Martin Köstinger received his MSc Degree (Dipl.-Ing.) in Software Development and Business Management and a PhD degree (Dr.techn) in Computer Science, both from the Graz University of Technology in 2009 and 2013, respectively. He is currently a research assistant at the Institute for Computer Graphics and Vision where he is involved in the FACTS Project. His research is focused on Object Detection and Recognition, with a special focus on faces.

News:

Research

Large Scale Metric Learning from Equivalence Constraints, CVPR 2012

(Koestinger, Hirzer, Wohlhart, Roth, Bischof)
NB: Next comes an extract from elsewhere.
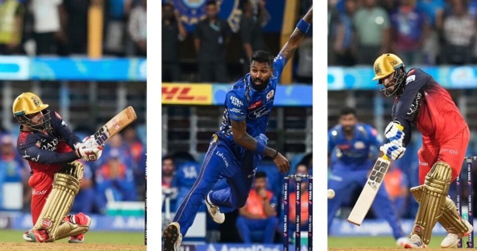 Rajat Patidar and Jitesh Sharma showcased a display of power-hitting for Royal Challengers Bangalore as they aimed for a 200-plus total against Mumbai Indians at the Wankhede Stadium. Despite an early setback with opener Phil Salt’s dismissal, Virat Kohli led the charge with a blistering knock, supported by Devdutt Padikkal. Kohli’s aggressive innings of 67 runs off 42 balls included eight fours and two sixes.

In this work, we raise important issues on scalability and the required degree of supervision of existing Mahalanobis metric learning methods. Often rather tedious optimization procedures are applied that become computationally intractable on a large scale. Further, if one considers the constantly growing amount of data it is often infeasible to specify fully supervised labels for all data points. Instead, it is easier to specify labels in form of equivalence constraints. We introduce a simple though effective strategy to learn a distance metric from equivalence constraints, based on a statistical inference perspective. In contrast to existing methods we do not rely on complex optimization problems requiring computationally expensive iterations. Hence, our method is orders of magnitudes faster than comparable methods. Results on a variety of challenging benchmarks with rather diverse nature demonstrate the power of our method. These include faces in unconstrained environments, matching before unseen object instances and person re-identification across spatially disjoint cameras. In the latter two benchmarks we clearly outperform the state-ofthe- art.
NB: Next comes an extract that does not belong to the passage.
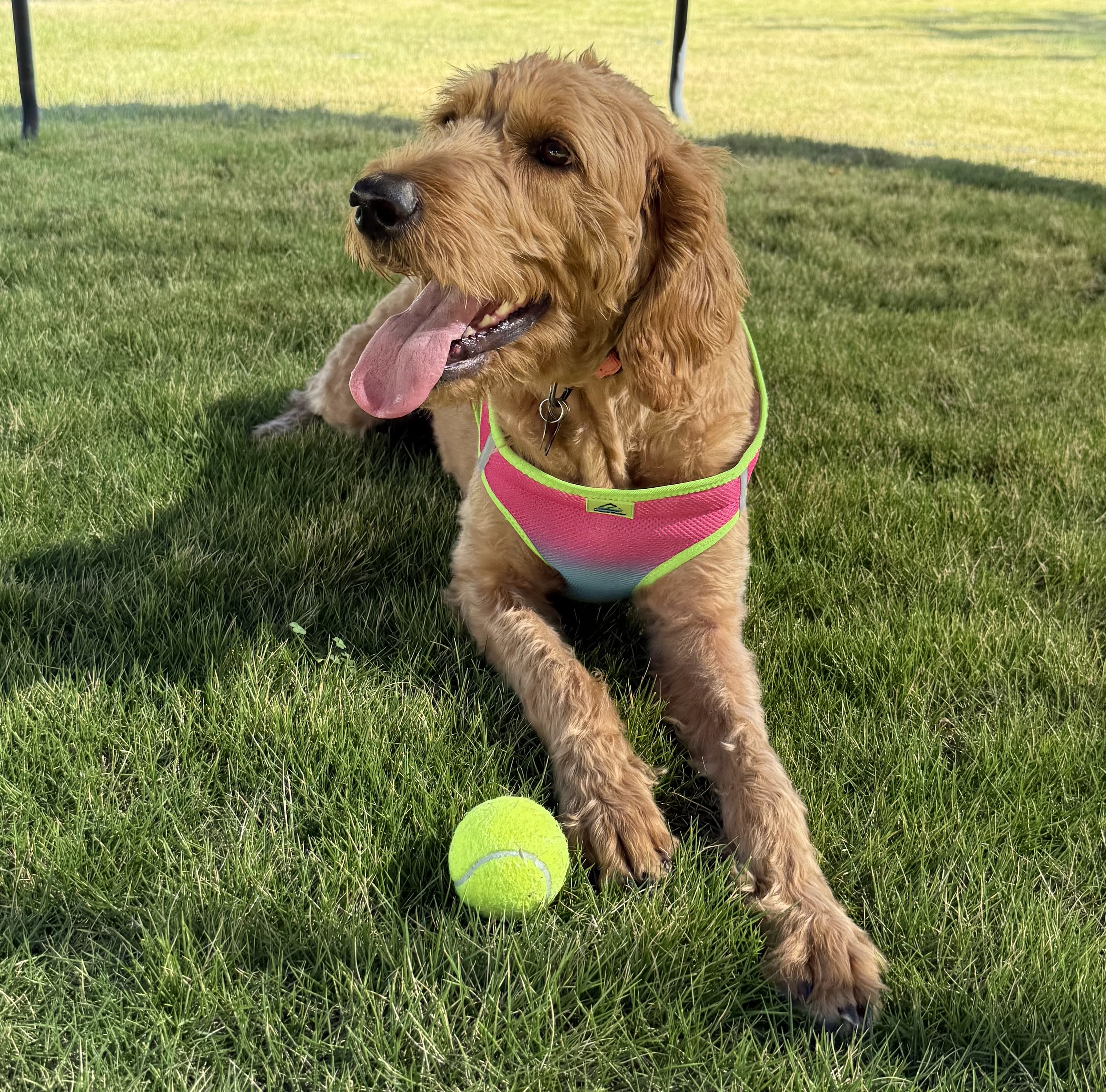 Tennis balls are my absolute favorite thing in the world. I love finding them, carrying them around proudly, and playing fetch any chance I get. I am wonderful with kids and other dogs, very patient, and naturally well mannered. I know all my basic commands and even a few extras, and I truly enjoy listening and doing the right thing. I will bark to let you know someone is at the door, but I stay right by your side until you let me know everything is okay.

The work was supported by the Austrian Science Foundation (FWF) project Advanced Learning for Tracking and Detection in Medical Workflow Analysis (I535-N23) and by the Austrian Research Promotion Agency (FFG) project SHARE in the IV2Splus program.

Full text (pdf), POSTER (png), Code (Matlab)

Synergy-based Learning of Facial Identity, DAGM-OEAGM 2012

(Koestinger, Roth, Bischof)

In this work we address the problem that most face recognition approaches neglect that faces share strong visual similarities, which can be exploited when learning discriminative models. Hence, we propose to model face recognition as multi-task learning problem. This enables us to exploit both, shared common information and also individual characteristics of faces. In particular, we build on Mahalanobis metric learning, which has recently shown good performance for many computer vision problems. Our main contribution is twofold. First, we extend a recent efficient metric learning algorithm to multi-task learning. The resulting algorithm supports label-incompatible learning which allows us to tap the rather large pool of anonymously labeled face pairs also for face identification. Second, we show how to learn and combine person specific metrics for face identification improving the classification power. We demonstrate the method for different face recognition tasks where we are able to match or slightly outperform state-of-the-art multi-task learning approaches.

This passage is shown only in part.